KefferがSheridan司令官赴任直後の
Trigati事件での 自分の体験を話しているときに、 彼のひじが隣の兵士Kleistに当たった。 彼はDelennに絡んだ不良グループの一人で、 Kefferが詫びるのを聞き入れずに喧嘩が始まり、 それは酒場全体に広がった。
突然Franklin将軍がSheridanと曹長を連れて現れ、 師団がすぐにここを出発する事を告げた。 兵士たちは酒場を出て、出発の準備を始めた。

GaribaldiはDodgerと、Kefferは二人のルームメートと別れを告げた。 将軍はSheridanに兵士たちが基地に与えた損害の弁償を約束した。 SheridanはMatok要塞の防御についての自分の意見が間違っているといいが、と告げた。 将軍は息子に彼を誇りに思っていると言い、二人はもう一度抱き合った。
Garibaldiは基地を発つ兵士の列からDodgerを見つけ、最後に彼女とキスを交わした。 そして師団は基地を離れ、ジャンプゲートに消えた。

基地のスタッフと住人たちは、 ISNによるAkdorのMatok要塞をめぐる戦いの ニュース映像に見入っていた。 レポーターはFrankiln将軍の勝利宣言を伝え、 地球人の住人たちは歓声を挙げるが、 GaribaldiはLouから現地からの戦死者レポートを受け取った。 そこにはDodgerやLarge, Yang, Kleistの名前もあった。 Garibadiからレポートを受け取ったKefferは、 人々が立ち去った後も、一人でその場に立ち尽くしていた。


印象に残ったシーン、台詞


Memo

DodgerのファーストネームはElizabethである。 どう見ても彼女は今回だけの出演と思われるが、 実はずっと後にもう一度出てくる。
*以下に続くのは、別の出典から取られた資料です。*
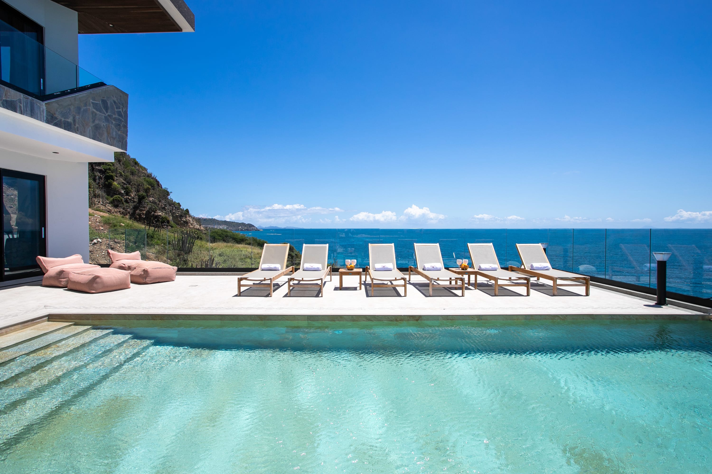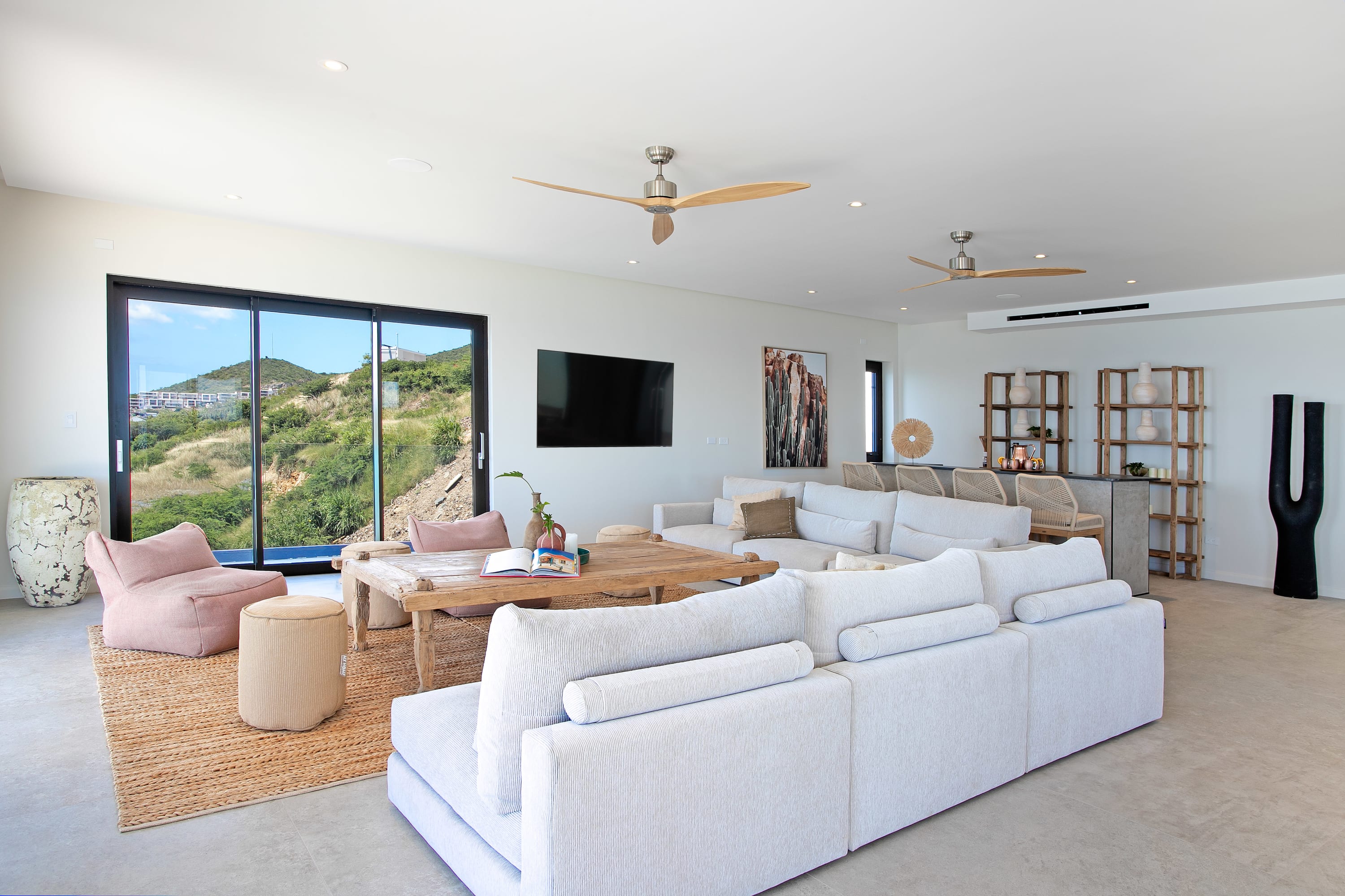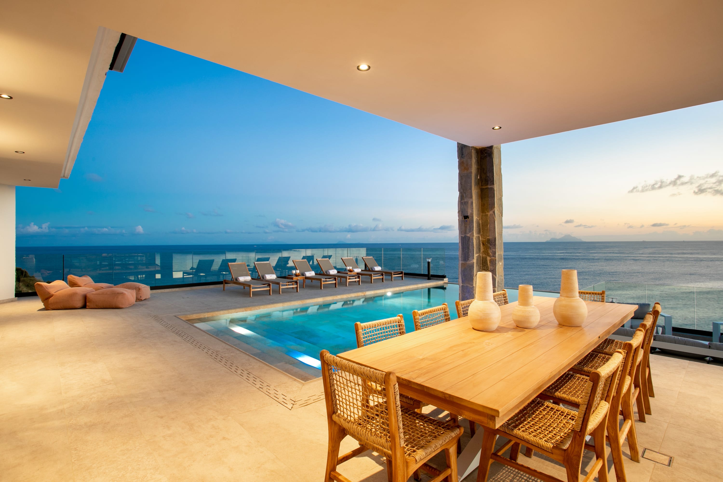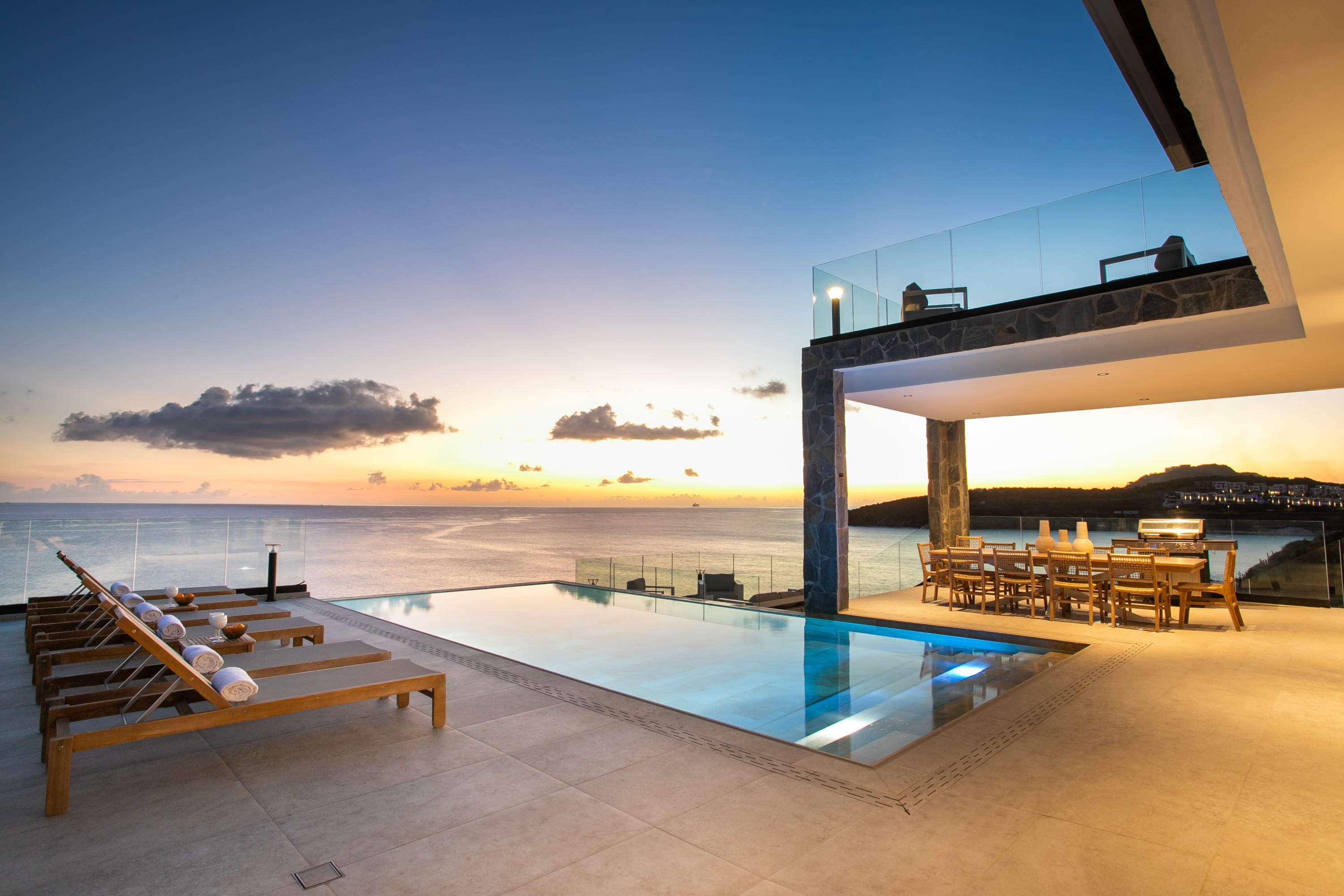 Villa Aqua Vista is a newly built luxurious oasis in Indigo Bay, St. Maarten.The newly constructed Villa Aqua Vista stands as a contemporary gem, effortlessly balancing contemporary elegance with island luxury. This stunning 6-bedroom villa is located in the peaceful Indigo Bay of Sint Maarten, offering an unforgettable Caribbean getaway just steps away from its sister villa, Villa Aqua Dream.Villa Aqua Vista's enchanting sleek lines and polished architecture, leaving guests with immediate amazement. Villa Aqua Vista compliments the minimalist design and modernism of its sister villa, Villa Aqua Dream, creating a harmonious transition between these two villa rentals.Walking through the entrance, guests will find themselves welcomed by a sense of openness and splendor. Villa Aqua Vista's open-concept design offers guests panoramic 270° views of the expansive indigo Caribbean waters through large windows. Vogue yet refined interior decor, featuring neutral tones and top-of-the-line furnishings, complement Villa Aqua Vista's modern aesthetic.With six luxurious bedrooms, Villa Aqua Vista offers immaculate design to provide guests with unparalleled comfort and relaxation. Villa Aqua Vista's master bedroom oozes beauty with an en-suite bathroom and tremendous sea views. The villa's other 5 bedrooms are equally inviting, offering top notch furnishings, en-suite bathrooms, closet space, and direct access to the property's outdoor spaces.Whether you're planning a romantic vacation, a family get together, or a trip for friends, Villa Aqua Vista ensures guests have an unforgettable St. Maarten experience. Villa Aqua Vista's contemporary, sleek design effortlessly amazes guests with the natural beauty of Indigo Bay and views of Saba, offering the ultimate setting for creating long lasting memories.

Franklin将軍の師団を運んできたのは、 Nova級戦艦1隻と、輸送艦5隻の船団である。 Nova級戦艦は、Omega級駆逐戦艦の回転部が欠けた言わば簡易型であり、 今回現れた艦の名はSchwartzkopfらしい。

Garibaldiの父親は、嘗てFranklin将軍の部隊に所属していた事があり、 彼は模範兵だった。

DelennはCentauriとNarnの和平の仲介を試みていたようだが、 どうやら効果はなかったらしい。